East Shirotsuta High School adalah sekolah swasta sama seperti Hashidzume High School.
Meski begitu, ada perbedaan dunia ketika membandingkan peralatannya dengan Hashidzume High School.
Halaman besar dan bangunan berdinding putih keduanya cantik.
Saya pikir tidak perlu keluar pagi-pagi sekali jadi saya berangkat ke East Shirotsuta High School hanya lewat tengah hari.
Tampaknya klub softball East Shirotsuta terkenal karena penduduk kota terdekat datang untuk menonton pertandingan latihan mereka.
Sambil menahan sinar matahari yang menyinari saya, saya menonton pertandingan terakhir.
Shirota adalah pemukul.
Keributan muncul dari bola melengking.
"Ini sudah berakhir…"
Saya mendengar suara seperti itu.
Saya tidak memahami aturan dengan baik tetapi saya masih bisa menikmatinya.
Saya merasa seolah-olah hati saya dihanyutkan oleh tokoh-tokoh perempuan berpakaian seragam sekolah menengah yang memberikan segalanya dalam olahraga.
"Ah…"
Aku mengeluarkan suara setelah memperhatikan seorang gadis di sebagian kecil tribun.
Gadis itu mengenakan gaun biru kotak-kotak dan topi jerami.
Saya tidak bisa benar-benar mengenali wajahnya dari kejauhan, tetapi saya tahu payudara dan kacamata bundar itu.
「Ini Eda ...」
Kenapa dia ada di sini?
Tapi kemudian aku langsung ingat bahwa dia dan Shirota adalah teman sejak sekolah menengah.
Keindahan wakil presiden OSIS Hashidzume tidak dibayangi oleh Kurusu.
Aura dinginnya yang halus menjadi kuat bahkan tanpa seragamnya.
Shirotsuta Timur memenangkan pertandingan dengan selisih yang kecil.
Dadaku menegang di wajah Shirota yang jengkel.
Tanpa sadar aku ingin menghibur Shirota.
Anggota klub mulai bubar.
Penonton mulai pergi dan agar tidak menonjol saya meninggalkan Shirotsuta Timur.
Saya langsung mendapat telepon dari Shirota.
"Maaf maaf. Saya akhirnya lupa 』
「Pertandingan terakhir itu disesalkan, ya」
『Yah lawan kita kuat ... Kami pasti akan memenangkan berikutnya』
「Aku akan datang untuk mendukungmu lagi.」
"Terima kasih. Dimana kau sekarang?"
Setelah meninggalkan halaman sekolah, ada rumah kaca plastik besar di dekatnya.
Saya mengatakan kepadanya bahwa saya tepat di depan sana.
『Saya mengerti, saya datang sekarang!』
Dia benar-benar segera muncul.
Sepertinya Shirota berlari ke sini dengan tergesa-gesa karena ada keringat di tengkuknya.
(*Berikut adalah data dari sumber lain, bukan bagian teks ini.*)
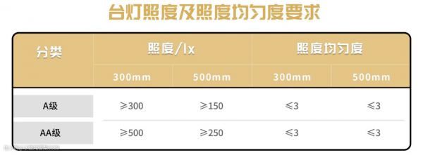 照度不够或者不均匀,就无法良好视物;照度过大,也容易损伤视力。所以照度指标的选择很重要。根据国家标准划分,分为了AA级、A级。
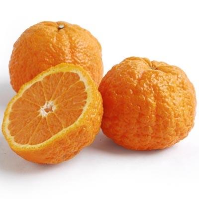 A seedless, sweet tangerine named after its bright orange, slightly bumpy rind. This hybrid is a cross between two noncommercial tangerine varieties: the Wilking and Kincy, by the University of California at Riverside. The Gold Nugget™ is a great juicer, averaging a 50% juice content. The fruit itself is a deep orange color with a moderately fine texture.
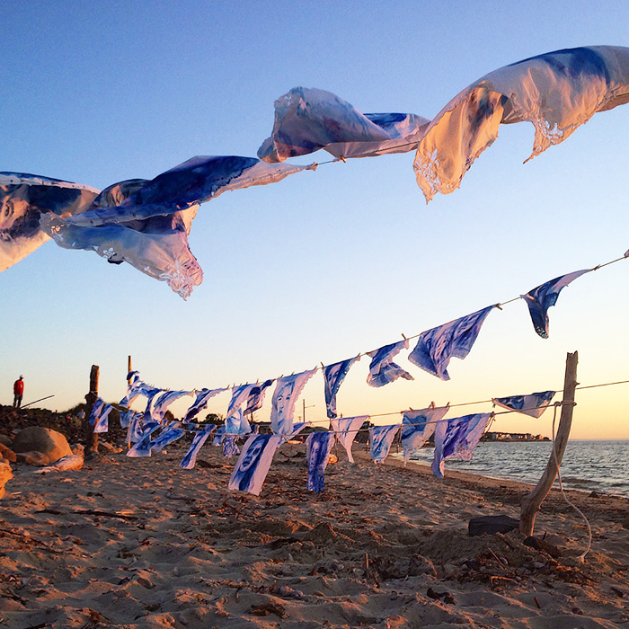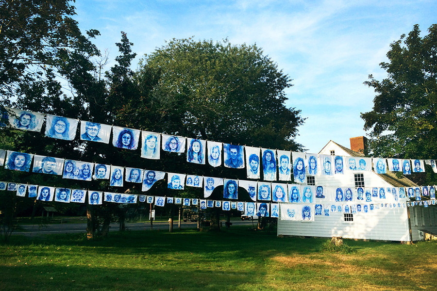 New York artist Aubrey Roemer set up shop in Montauk this spring with a goal to paint likenesses of 10 percent of the local population. Since April, Roemer has captured hundreds of subjects from the community on linens and cloths from various sources in Montauk, including gifts from many of the people she’s painted in varying hues of blue over the last five months. The culmination of that work, which Roemer has displayed in stages throughout the summer, will be presented in a large-scale installation titled “By Land & By Sea” at Eddie Ecker Park (Navy Road) on Montauk’s Fort Pond Bay this Saturday, September 6 from 3 p.m.– sunset.
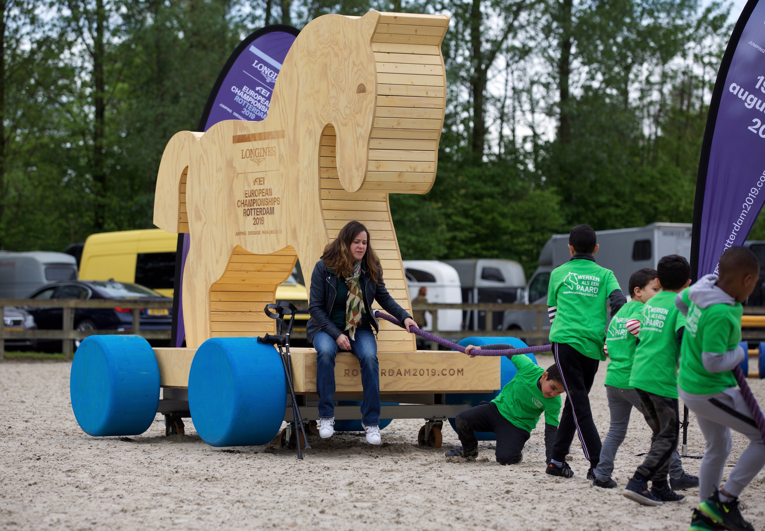 Tebbie te zien in Rotterdam Para-Dressuur amazone en paralympisch en wereldkampioen, Sanne Voets, maakte de typisch Rotterdamse naam van het iconische paard bekend. Het gigantische EK-paard (354kg en 2.90m hoog) gaat de komende maanden door de stad trekken. Voor de ‘pop-up’ events kunnen teams in verschillende categorieën zich vooraf inschrijven via de EK-website (vanaf 1 mei). Daarna vinden de eerste competities plaats met uiteindelijk een finale die voor de start van het EK zal plaatsvinden. Tebbie is tijdens de EK’s op het terrein van de EK’s te aanschouwen. Op deze locatie wordt geen competitie meer gehouden. Uiteraard kunnen bezoekers wel op de foto met het grootste paard van het EK. Meer dan 5000 kinderen aan het springen Van 6 mei t/m 14 juni gaat Sportbedrijf Rotterdam met het springparcours met als titel 'Jump, jump, everybody jump!' langs basisscholen groepen 5 t/m 8. De inschrijvingen zitten al helemaal vol. In totaal gaan ongeveer 5000 Rotterdamse schoolkinderen onder schooltijd deelnemen aan het parcours. De 40 kinderen die het parcours het snelste (èn foutloos) afleggen kunnen zich plaatsen voor 'The Final' die op 27 juni in Ahoy plaatsvindt. Buiten de sportlessen op school wordt het parcours ook nog ingezet bij verschillende evenementen. "In aanloop, tijdens en na de EK’s vinden er tal van side-events plaats." zegt Fred Rozendaal, algemeen directeur van de Longines FEI Europese Kampioenschappen Rotterdam 2019. "We willen verschillende doelgroepen kennis laten maken met de paardensport, kinderen stimuleren om te gaan sporten én laten zien hoe een topsportevenement als de Longines FEI Europese Kampioenschappen Springen, Dressuur en Para-Dressuur de verbinding legt op maatschappelijk vlak met de stad. Zo geven wij invulling aan het EK-thema Connected by Horsepower!" EK's komende maanden zichtbaar in Host City Rotterdam Rotterdam Festivals ontwikkelde samen met het oer-Rotterdamse Bureau Bunk het plan voor het iconische paard. "Het paard zal dit voorjaar en deze zomer op prominente plekken in Rotterdam zijn opwachting maken. Het paard zet aan tot team play; krachten bundelen en ‘m samen in beweging krijgen. Belangrijke elementen uit de EK’s die we op een laagdrempelige manier willen overbrengen op een zo breed mogelijk publiek" zegt Hedwig Hupkes van Rotterdam Festivals. “Daarbij zorgt Tebbie uiteraard voor prominente zichtbaarheid van de EK’s in de stad op een ludieke en speelse manier”. Een aantal side-events wordt mede georganiseerd door Rotterdam Topsport en het Sportbedrijf Rotterdam. "Deelnemen aan sport verhoogt de kwaliteit van het leven in de stad, stimuleert de persoonlijke ontwikkeling van mensen en vergroot de binding van bewoners. Dit sluit perfect aan bij het overkoepelende thema van de EK’s: ‘Connected by Horsepower’. Met het parcours willen we zoveel mogelijk kinderen activeren en laten bewegen." aldus Edwin de Koning, project manager grote sportevenementen bij Sportbedrijf Rotterdam. "Tebbie kom je straks overal tegen. We hopen dat veel Rotterdammers met elkaar een team vormen en als team Tebbie zo snel mogelijk 50 meter verplaatsen. En dat die teams natuurlijk gaan strijden voor een plekje in de halve finales tijdens de kwalificaties op zaterdag 18 mei (parkeerplaats Ahoy Rotterdam) en zondag 30 juni (parkeerplaats Topsportcentrum)." "Binnen de hippische wereld leven de komende EK's al enorm. Alle Europese topruiters en -amazones hebben Rotterdam al prominent in hun agenda's staan," zegt Hans den Oudendammer, directeur Rotterdam Topsport. "Het is leuk om te zien dat door dit activatie programma, dit grootste internationale paardensportevenement ook voor alle Rotterdammers alom zichtbaar wordt. Iedereen weet straks dat de EK's eraan komen!" Werken als een Paard Vakantieschool Vanwege de EK's die dit jaar in de schoolvakantie (van 19 t/m 25 augustus) plaatsvinden, is het programma van de Vakantieschool van Werken als een Paard naar de meivakantie verschoven. De leerlingen van Basisschool Christophoor, Crisisopvang Maatschappelijk centrum Rotterdam e.o., Basisschool OBS Pantarijn, Basisschool Sterrenschool de Globbetrotter, Crisisopvang Stichting Arosa en Speciaal onderwijs Horizon krijgen een leuke, leerzame en kosteloze vakantiedag aangeboden. Met als belangrijkste boodschap: "Als je werkt als een paard kun je veel bereiken." Het programma wordt op iedere specifieke doelgroep afgestemd, maar op hoofdlijnen is het nagenoeg hetzelfde. ’s Morgens theorieles over paarden en sociaal emotionele vaardigheden, daarna een gezamenlijke lunch en verschillende activiteiten waaronder: deelname aan het EK-parcours, samenwerking-spellen, paardentaarten maken, paarden verzorgen / poetsen en ponyrijden. Als afsluiting krijgen de kinderen een Werken als een Paard shirt en een medaille. photo credits: Danielle Vink
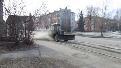 пыльный трактор. У вас тоже так "убирают" город?
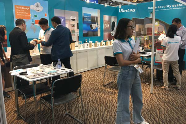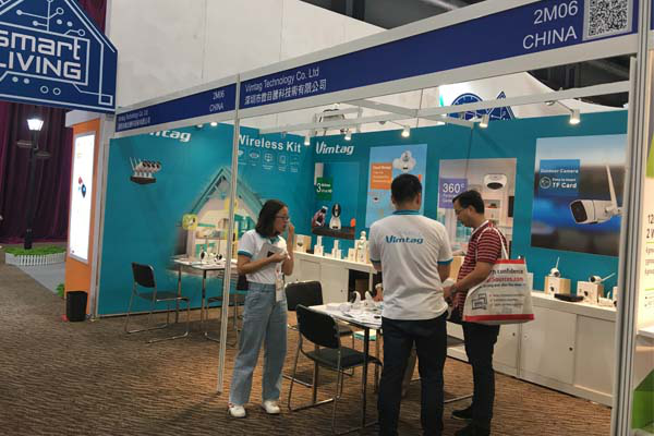 正是由于Vimtag智能摄像机拥有流畅大方的外观设计和具备多样化的功能,在展会上吸引了不少参与展会的客商和消费者前来询问和试用。现在的工作人员也在耐心地向参观者介绍产品的相关功能和使用方式。
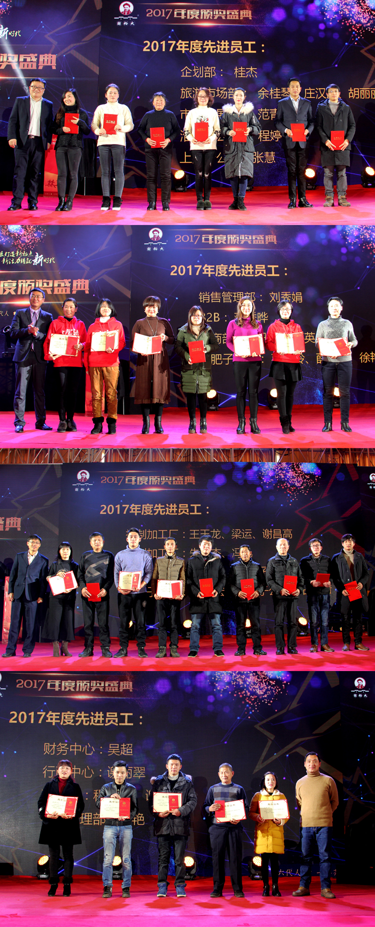 隨后的謝裕大年度頒獎盛典上董事長謝一平、總經(jīng)理謝明之等等公司高層領(lǐng)導(dǎo)分別為2018年度謝裕大“漕溪精神獎”、“突出貢獻(xiàn)獎”、“先進(jìn)工作者”、“優(yōu)秀管理者”、“優(yōu)秀員工”等獲得者頒獎、合影。
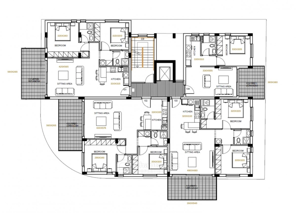 A modern two-storey residential building that consists of eight comfortable apartments with contemporary architectural layout of one and two bedrooms, two bathrooms, open plan kitchen and sitting area, and spacious covered verandas.
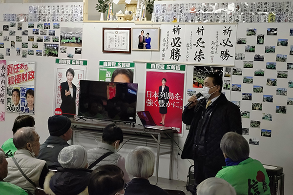 2月4日、三方原の事務所で開催された応援演説会。全国各地を訪れ、同志の応援演説に立っている候補に代わって第七選挙区の県議・市議が演説を行いました。夜7時半からの集会にも関わらず、近隣の方々が沢山駆けつけて下さいました。初めに第七選挙区支部の幹事長として皆さまにご挨拶させて頂きました。次に市議から応援の演説等を行いました。

Wajahnya masih memiliki vitalitas meskipun dia pasti lelah setelah pertandingan latihan yang begitu lama.
「Cepat!」
Shirota tidak menghentikan kakinya meskipun dia tepat di depanku.
Aku mengejarnya dengan bingung.
"Apa yang terjadi?"
「Kouhai saya akan datang jadi ... lihat, jika mereka melihat banyak hal akan terjadi kan?」
"Ah"
Saya tidak ingin ada kesalahpahaman.
Shirota berlari sambil mengenakan seragamnya jelas menonjol.
Jika dia terlihat bersama seorang pria, saya yakin hari berikutnya akan berakhir menjadi pembicaraan di seluruh klub.
Seolah-olah dia sudah memutuskan ke mana harus pergi, Shirota tidak ragu-ragu dalam langkahnya.
"Kemana kita akan pergi?"
「Ada kompleks apartemen terdekat」
"Kompleks apartemen?"
"Ya. Tidak ada yang tinggal di sana sehingga tampaknya ada desas-desus bahwa itu dihantui 」
Sedikit di depan tempat kami berlari pasti ada sebidang kompleks apartemen.
Ada banyak bangunan tetapi ada tali di depan jalan yang mengarah ke mereka mengatakan tidak ada jalan masuk.
「Etto ...」
Shirota memiringkan lehernya sambil melihat layar ponselnya.
「Di mana blok C Timur?」
"Mengapa? Jika ada di sini, di mana saja tidak apa-apa, kan? 」
「Tidak apa-apa, jadi cepatlah」
Kami mencoba masuk ke dalam dan terkejut melihat betapa sunyi itu.
Gulma tumbuh sesuka hati dan dinding yang dulunya putih tertutup grafiti.
Papan buletin berkarat memiliki sepeda yang hilang rantai.
Ada kolam kering dan seluncuran kotor untuk anak-anak.
Zaman keemasan tempat itu tidak lebih dari angin yang tersisa pada saat ini. 3
"Itu disini!"
Shirota menghentikan kakinya.
Di bagian atas tembok ada daftar pudar untuk 『East C』.
Itu adalah salah satu bangunan belakang terjauh dari semua kompleks.
Tentu saja jika kita sampai sejauh ini, kita tidak perlu khawatir tentang seseorang yang melihat kita.
Selain itu, bahkan jika ada tanda seseorang, ada banyak tempat untuk bersembunyi.
「Ini, agak kotor tapi ...」
Sambil mengatakan lelucon seperti itu, Shirota memasuki gedung.
Aku mengangkat bahu dan mengikuti setelahnya.
Kami menaiki tangga ke luar tangga dan Shirota memanggil.
「Kami membuatmu menunggu」
Ada orang yang mengejutkan di pintu masuk lantai 3.
Itu adalah gadis berpayudara besar yang mengenakan gaun kotak-kotak.
Dia mengenakan topi jerami dan kacamata bundar yang kuat.
「Eda ...」
「Halo Okutani-kun」
「Ke-kenapa ... kau di sini?」
「Ara? Apakah Yotsuba tidak memberi tahu Anda? 」
Saya melihat Shirota.
Shirota menggaruk kepalanya, tersenyum sedikit nakal.
「Etto ... sejujurnya, Fukiko adalah penulis dari doujinshi yang saya lihat」
Aku tahu.
Namun, itu karena saya menguping pembicaraan Kurusu dan Eda.
Saya tidak pernah berpikir bahwa Eda dan Shirota saling kenal.
「Kemarin Anda mengatakan bahwa Anda akan menunjukkan ereksi jika Anda melihat tempat ero seorang gadis」
「... Eh?」
Saya pasti mengatakan sesuatu seperti itu.
Tapi, bagaimana itu terkait dengan mengapa Eda ada di sini.
Gadis sporty berpakaian seragam menatap Eda.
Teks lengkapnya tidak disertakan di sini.